**To do**
For the entries that follow, set down each one exactly and drop any pictures.

**Data for the task**
* * * * *

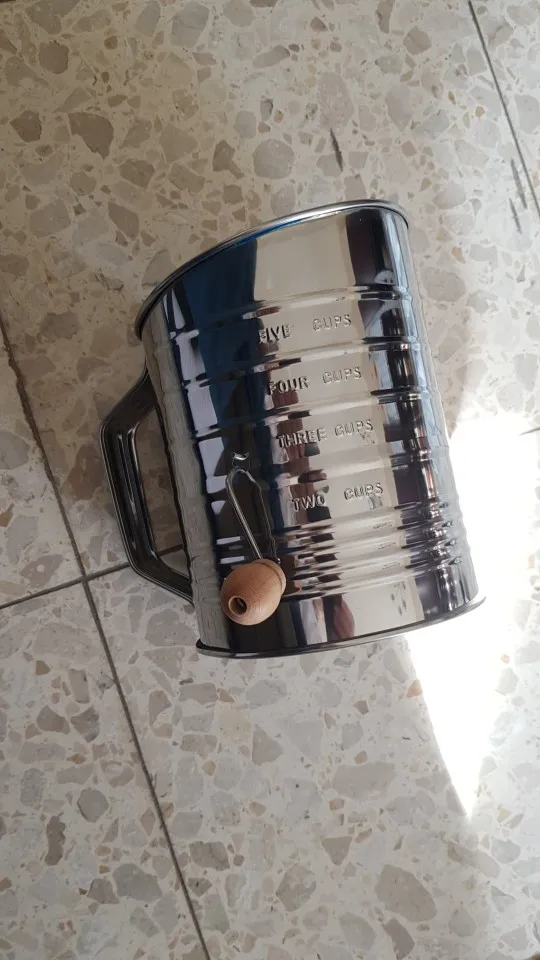 Tamiz de harina de acero inoxidable con manivela, 3 tazas, tamiz de harina e ingredientes secos para hornear, manivela Manual, apto para lavavajillas
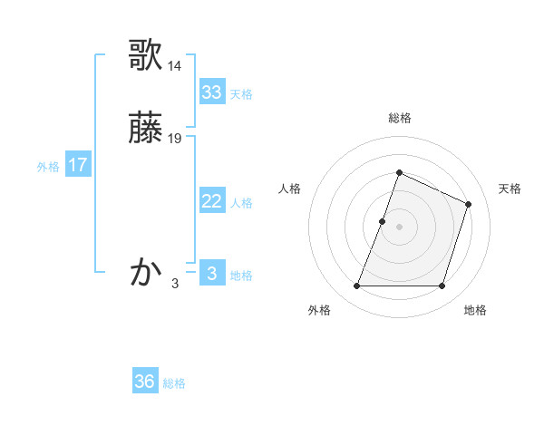 歌藤 かさんの総格は36画の3点!
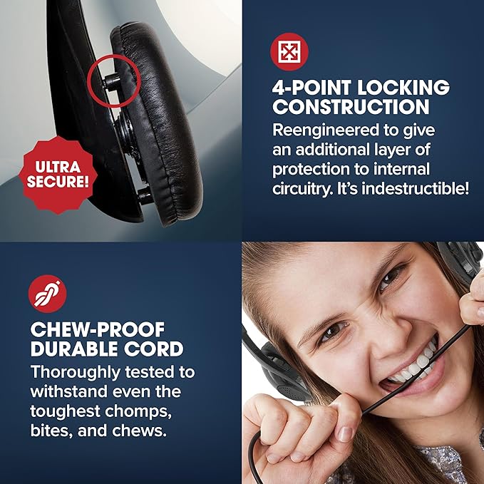 - Rugged and Durable Design: Our School Headphones are built different than our competitors. These headphones are meant to last! With a rugged tough design they can take a beating. With reinforced welds and a band that is fully twistable so this construction is meant to last. The 6 foot braided fabric cord is strong enough to lift up to 40 pounds or be dropped from 20 feet and sound just like new!
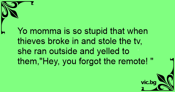 Yo momma is so sтuрid that when thieves broke in and stole the tv, she ran outside and yelled to them,"Hey, you forgot the remote! "
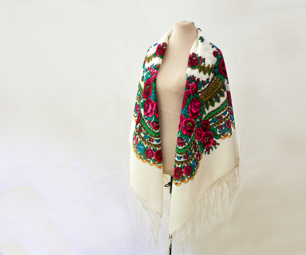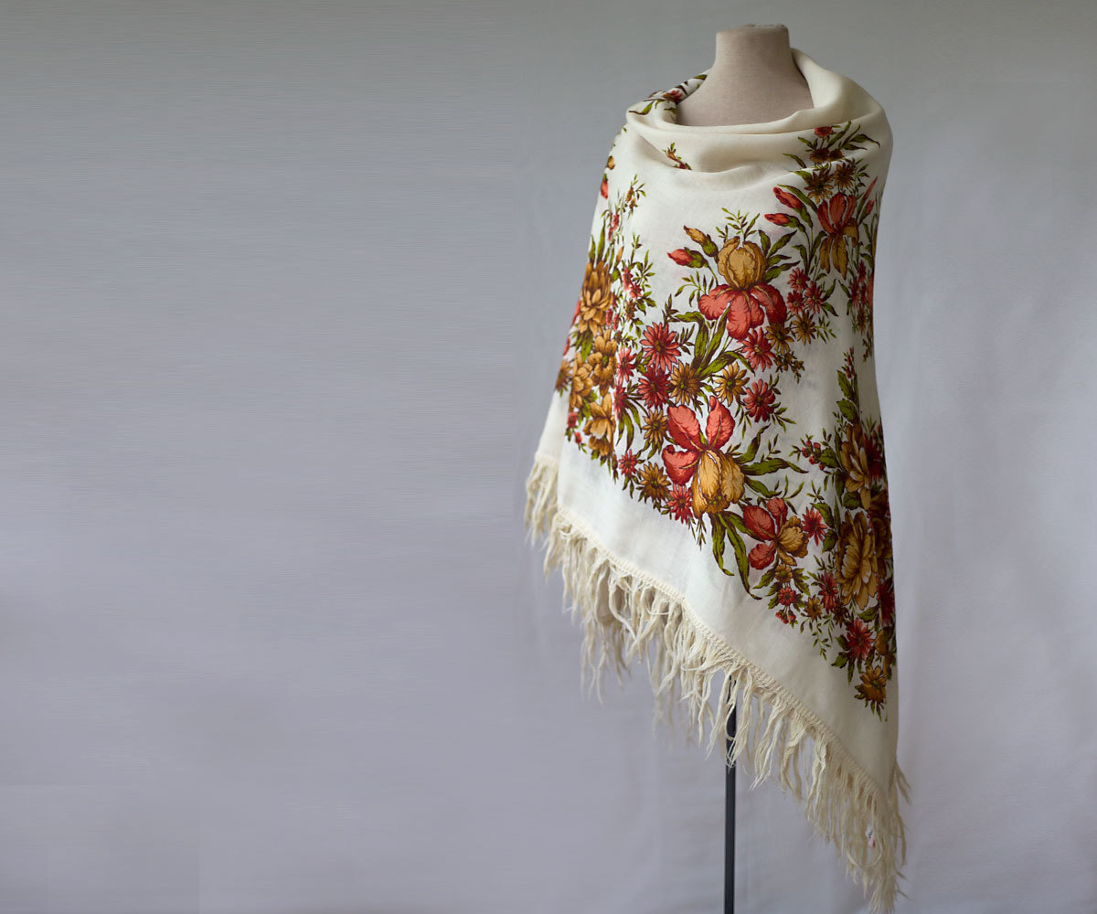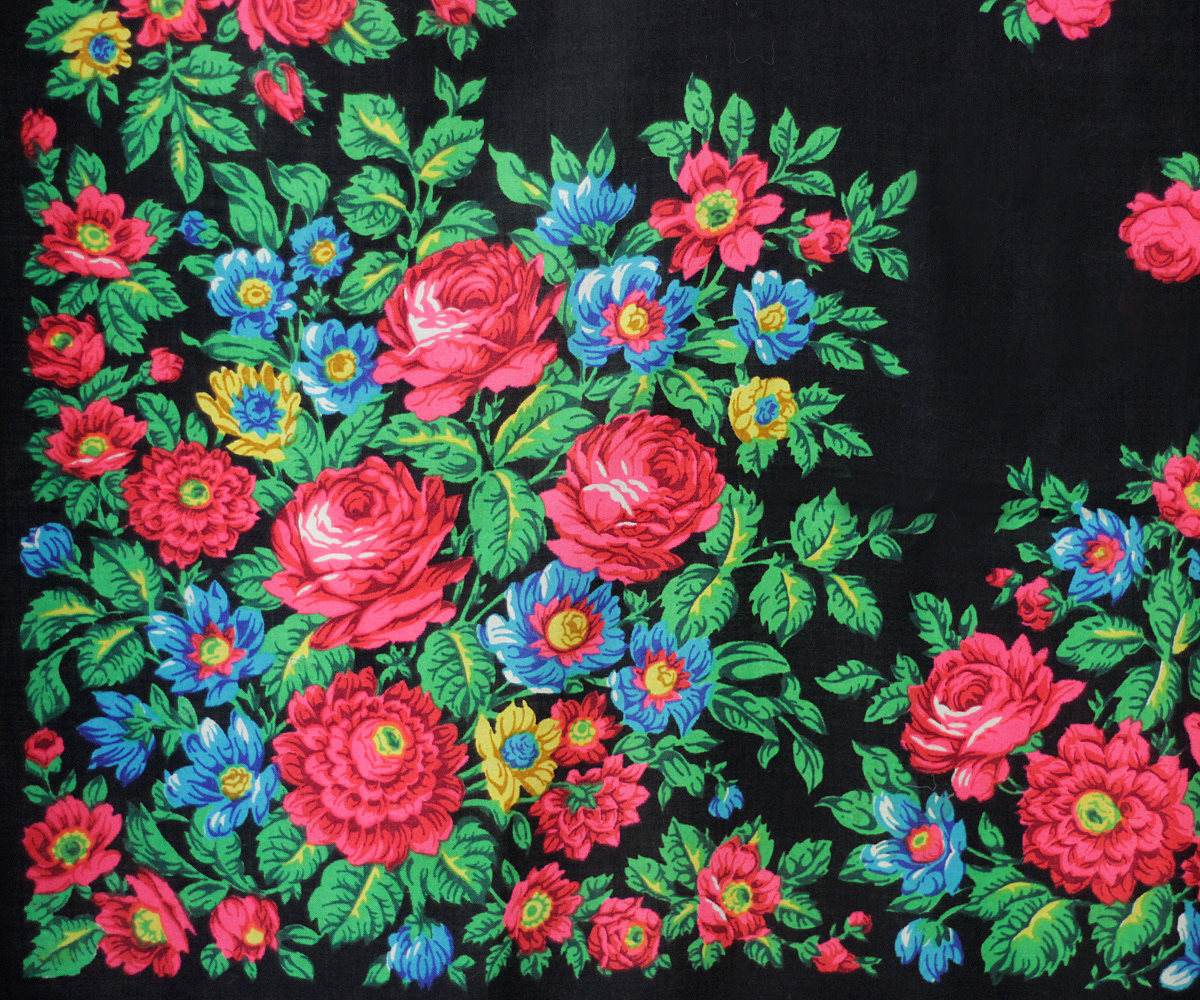 Шаль 148х148, с лохматыми георгинами и гирляндами из ирисов
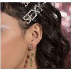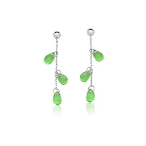 Brinco pêndulo com Cabochões em Gota Verde Zircônias Verdes Banhado a Ródio. Semi Joia linda. Adquira o seu e arrase
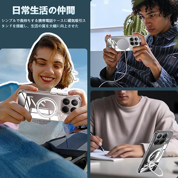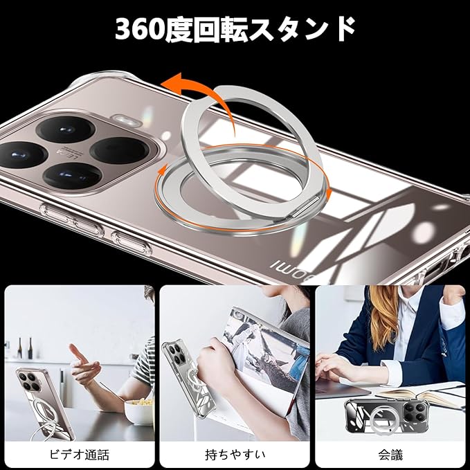 【ホルダー機能&MagSafe対応】ケース背面にホルダー機能があり、どんな平面にも気軽に置いて使用でき、映画を見ても横に楽しむことができ、縦になってオンライン学習や作業効率が高い。お好みで簡単に調節できます!最新のMagSafe充電技術に対応しており、急速で確実な充電が可能です。ワイヤレス充電のニーズに対応しながら、スタイリッシュな外観を提供します。充電中の落下や接触不良の心配はありません。充電器を正しく置く必要はありません、差し込みのいらないより簡単により素早く充電できます。スマートフォンをケースに簡単に取り付けるだけで、強力な磁気吸引機能がワイヤレス充電の利便性を十分に活用できます。
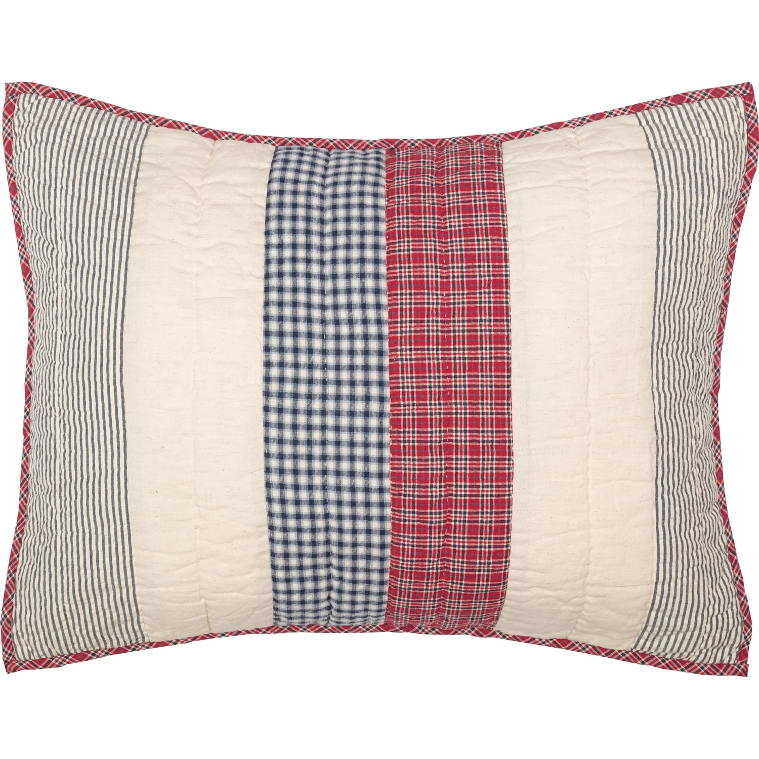 Add a delightful Americana look to your bed with the Hatteras Patch King Sham 21×37. Featuring eye-catching plaid, check, and popular ticking stripe patchwork in red, white, and blue. This patriotic quilt creates a lovely focal point for all your country, colonial decor with premium quality for years of enjoyment.
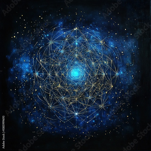 Abstract cosmic design with blue geometric lines and stars.
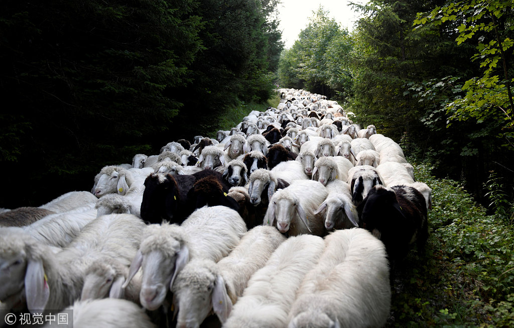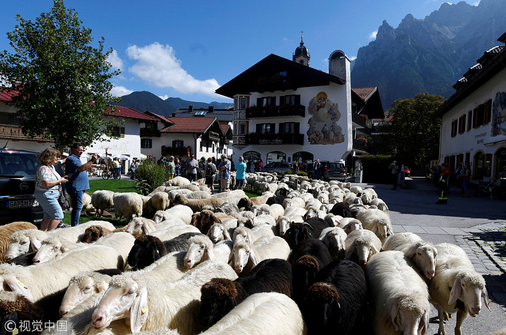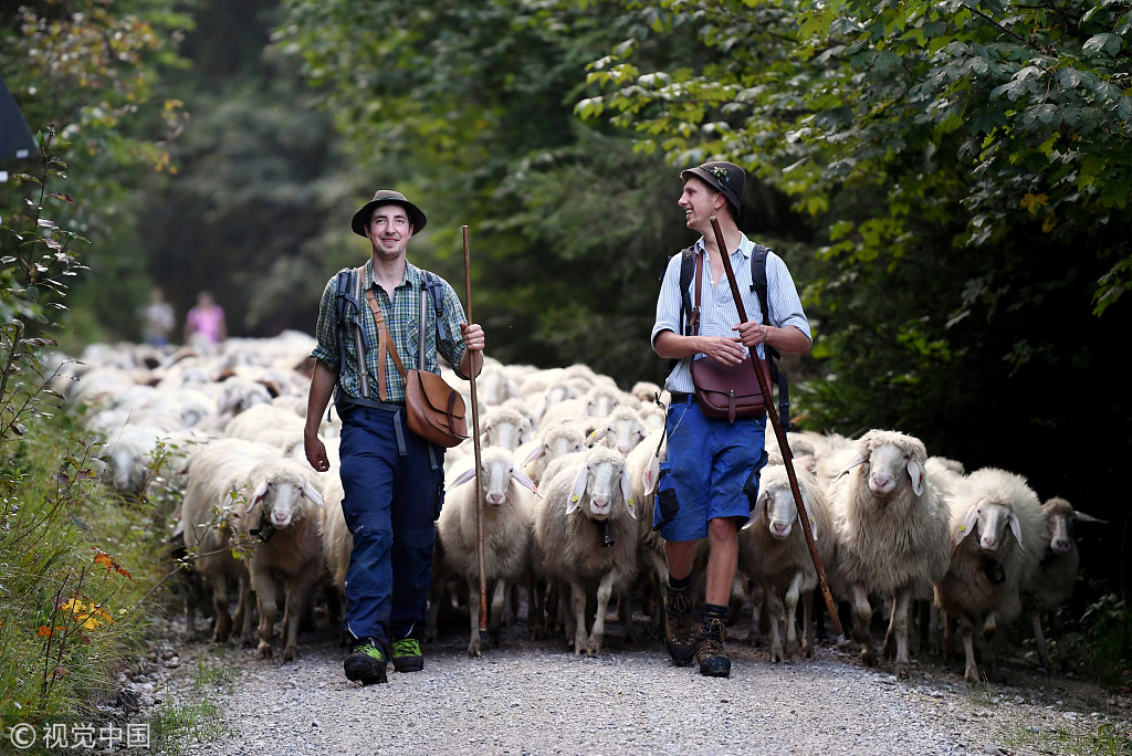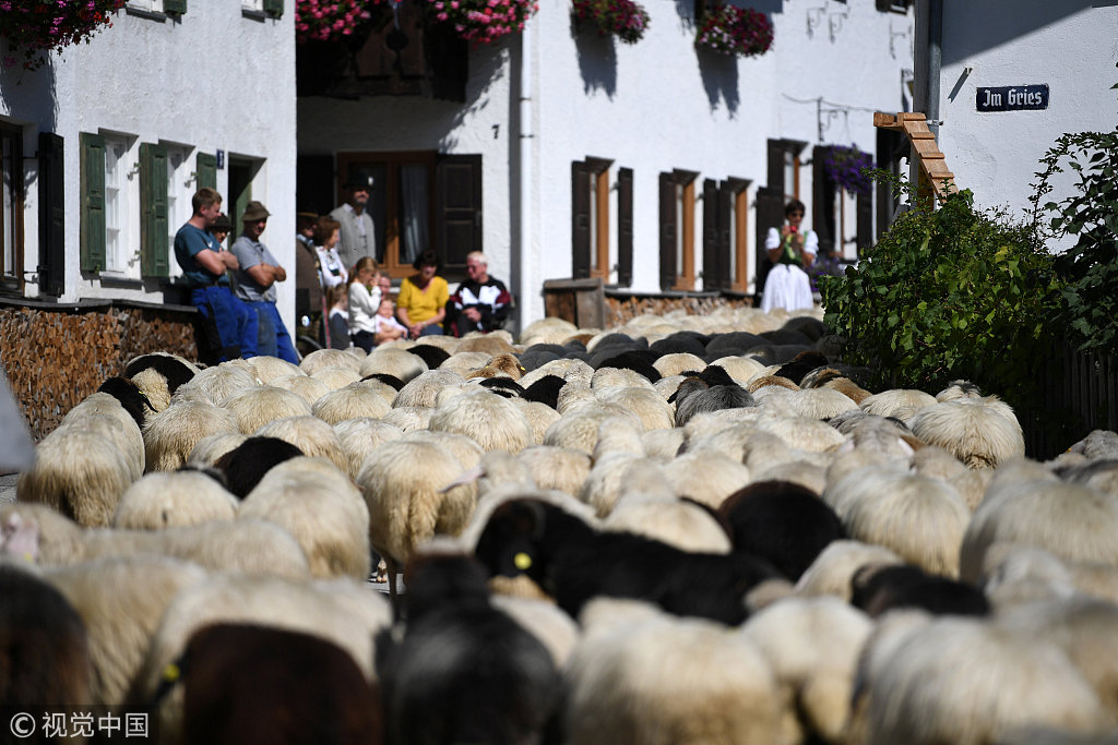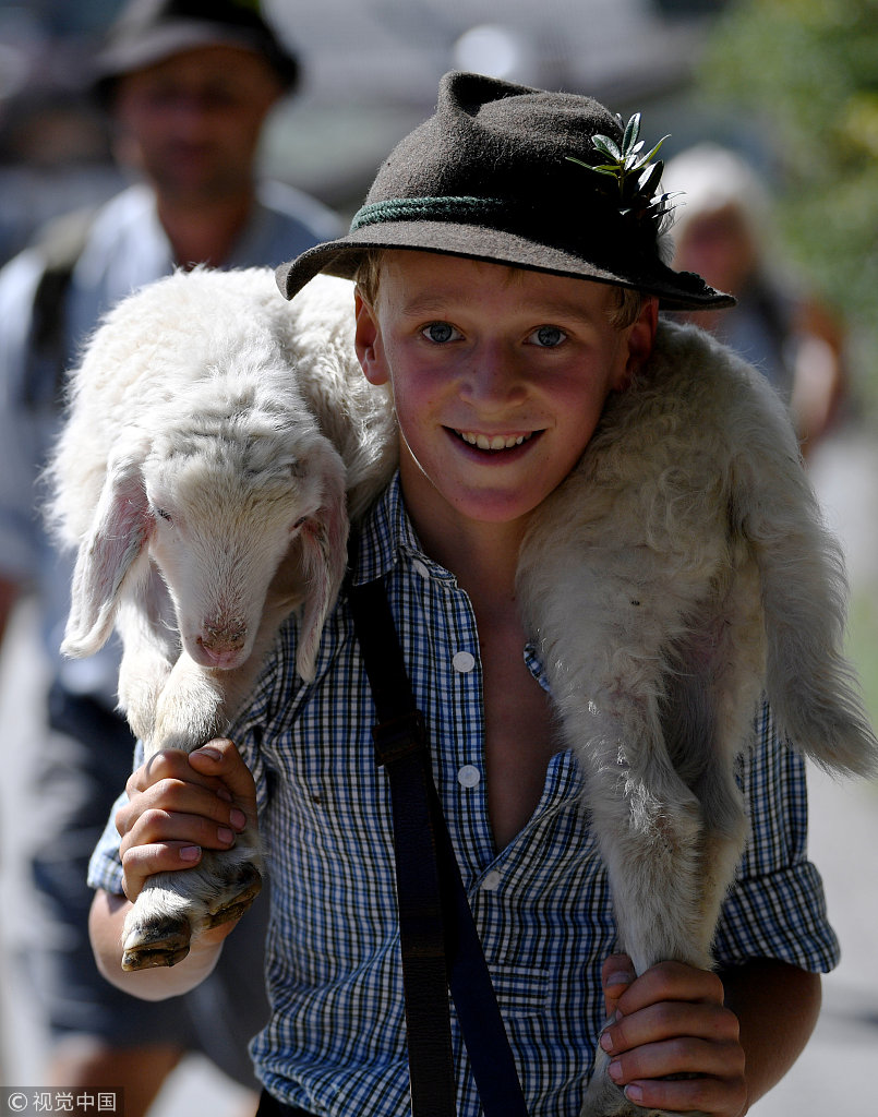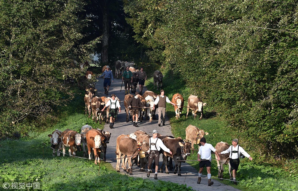 当地时间2018年9月8日,德国巴伐利亚州,当地牧民参加赶牛下山节。CHRISTOF STACHE /视觉中国
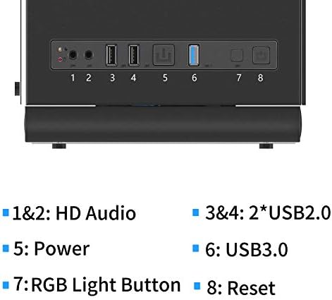 [TOP I/O PANEL]–1 x USB3.0 Port,2 x USB2.0 Port,1 x HD Audio,RGB Button,Power/Reset.
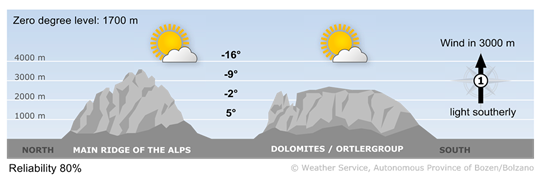 Maximum temperatures will range from 3° in the upper Pustertal Valley to 12° in the Unterland and Etsch Valley.
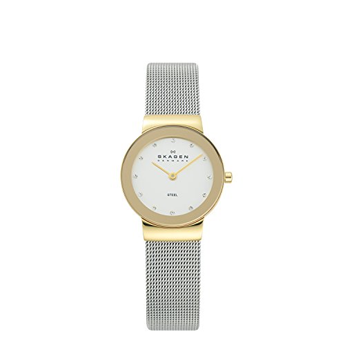 Best Seller! Skagen Ladies Watch 358SGSCD with Silver Stainless Steel Bracelet and gold case Review

* * * * *

**Solved exercise**
 Tamiz de harina de acero inoxidable con manivela, 3 tazas, tamiz de harina e ingredientes secos para hornear, manivela Manual, apto para lavavajillas
 歌藤 かさんの総格は36画の3点!
 - Rugged and Durable Design: Our School Headphones are built different than our competitors. These headphones are meant to last! With a rugged tough design they can take a beating. With reinforced welds and a band that is fully twistable so this construction is meant to last. The 6 foot braided fabric cord is strong enough to lift up to 40 pounds or be dropped from 20 feet and sound just like new!
 Yo momma is so sтuрid that when thieves broke in and stole the tv, she ran outside and yelled to them,"Hey, you forgot the remote! "
 Шаль 148х148, с лохматыми георгинами и гирляндами из ирисов
 Brinco pêndulo com Cabochões em Gota Verde Zircônias Verdes Banhado a Ródio. Semi Joia linda. Adquira o seu e arrase
 【ホルダー機能&MagSafe対応】ケース背面にホルダー機能があり、どんな平面にも気軽に置いて使用でき、映画を見ても横に楽しむことができ、縦になってオンライン学習や作業効率が高い。お好みで簡単に調節できます!最新のMagSafe充電技術に対応しており、急速で確実な充電が可能です。ワイヤレス充電のニーズに対応しながら、スタイリッシュな外観を提供します。充電中の落下や接触不良の心配はありません。充電器を正しく置く必要はありません、差し込みのいらないより簡単により素早く充電できます。スマートフォンをケースに簡単に取り付けるだけで、強力な磁気吸引機能がワイヤレス充電の利便性を十分に活用できます。
 Add a delightful Americana look to your bed with the Hatteras Patch King Sham 21×37. Featuring eye-catching plaid, check, and popular ticking stripe patchwork in red, white, and blue. This patriotic quilt creates a lovely focal point for all your country, colonial decor with premium quality for years of enjoyment.
 Abstract cosmic design with blue geometric lines and stars.
 当地时间2018年9月8日,德国巴伐利亚州,当地牧民参加赶牛下山节。CHRISTOF STACHE /视觉中国
 [TOP I/O PANEL]–1 x USB3.0 Port,2 x USB2.0 Port,1 x HD Audio,RGB Button,Power/Reset.
 Maximum temperatures will range from 3° in the upper Pustertal Valley to 12° in the Unterland and Etsch Valley.
 Best Seller! Skagen Ladies Watch 358SGSCD with Silver Stainless Steel Bracelet and gold case Review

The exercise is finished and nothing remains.